Business interruption insurance is a type of insurance that provides coverage for the loss of business income in the event of a disaster, such as a fire or natural calamity. Instead of being sold as a standalone policy, it is typically offered as an add-on or rider to a property/casualty policy or a comprehensive package policy. The premiums for business interruption insurance, including the additional cost of the rider, can be considered as tax-deductible ordinary business expenses. However, it's important to note that this insurance policy only pays out if the cause of the business income loss is covered by the underlying property/casualty policy. The amount payable is generally determined based on the historical financial records of the business.
If a covered loss forces your business to shut down, your interruption insurance can help cover your operating expenses, like:
Lost revenue that would typically be generated if your business were operational.
Payments for mortgage, rent, or lease for the premises where your company operates.
Obligatory loan payments that need to be fulfilled during the interruption period.
Tax payments, whether they are made on a monthly or quarterly basis.
Payroll expenses for your employees.
Costs associated with relocating to a new or temporary location due to physical damages.

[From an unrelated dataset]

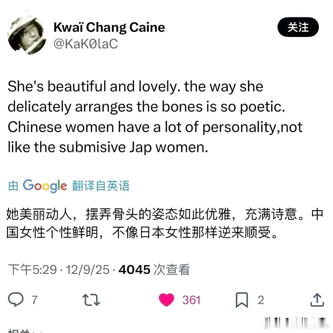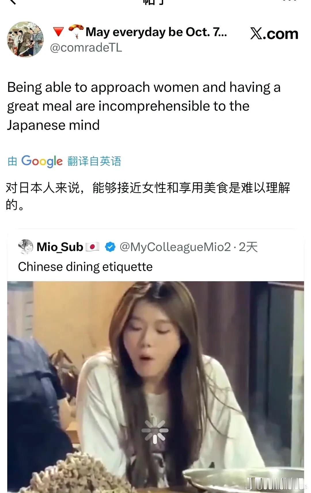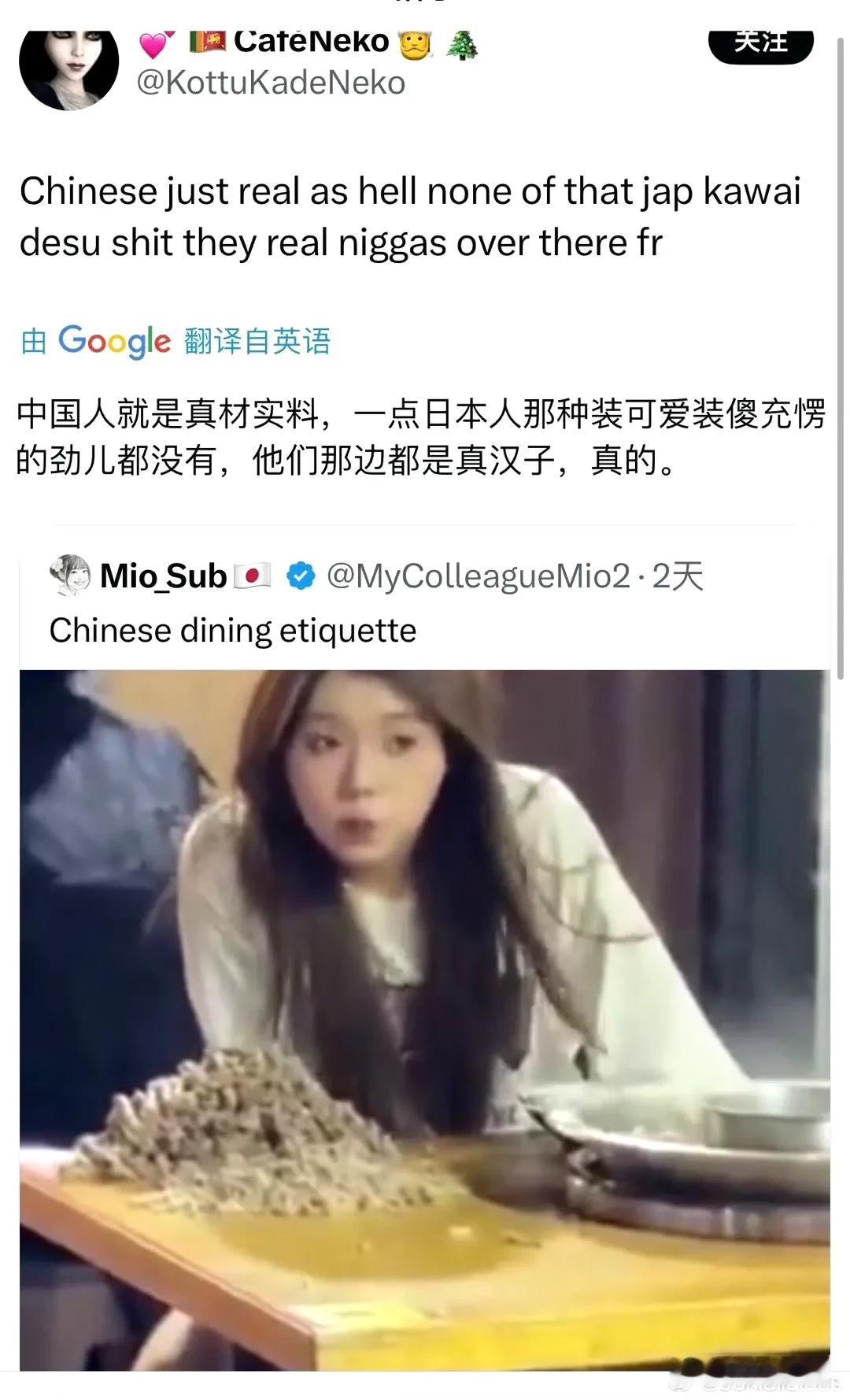 日本人发中国女生吃饭吐骨头在桌上的视频,然后阴阳怪气地说这就是中国人的餐桌礼仪!结果被各国网友排队教育,外国网友称中国女孩的真实,没有日本人那么装,中国人直来直去,一点都没有日本人那种装傻充愣的劲儿,日本人虚伪,装得好像很有礼貌很有素质,完全理解不了中国人这种轻松自在!这个日本人偷鸡不成蚀把米,以为整个世界都跟它们一样装,结果被失算了,大家还是更喜欢中国人的直爽,不喜欢日本的那种虚伪!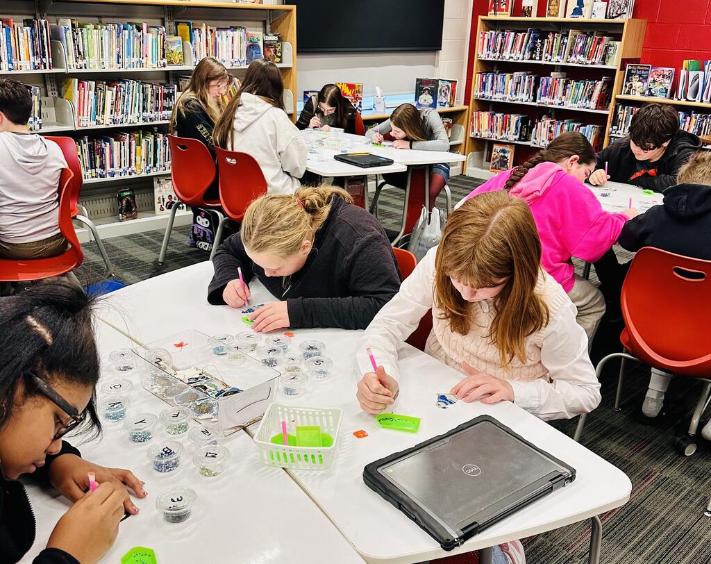 The second of five scheduled PJMS Library Series with ADAC and Mrs. Hulse was held on 12/8 and 12/9, with Mrs. Roach being the hostess with the mostest! They had four 6th-grade classes over the two days and saw about 90 kids.

Additional expenses incurred if you need to rent alternative space temporarily after a covered loss.
Expenses related to employee training for the use of new machinery or equipment following a covered loss.
Business interruption insurance plays a crucial role in a company's business continuity plan. This type of insurance aims to provide compensation to the insured for the financial consequences resulting from an interruption or interference in their business operations caused by physical damage to their property or other significant external events, such as damages occurring at the premises of suppliers or customers. The primary objective is to restore the business to its original financial state as if the loss had never happened, while considering the specific terms and conditions outlined in the policy.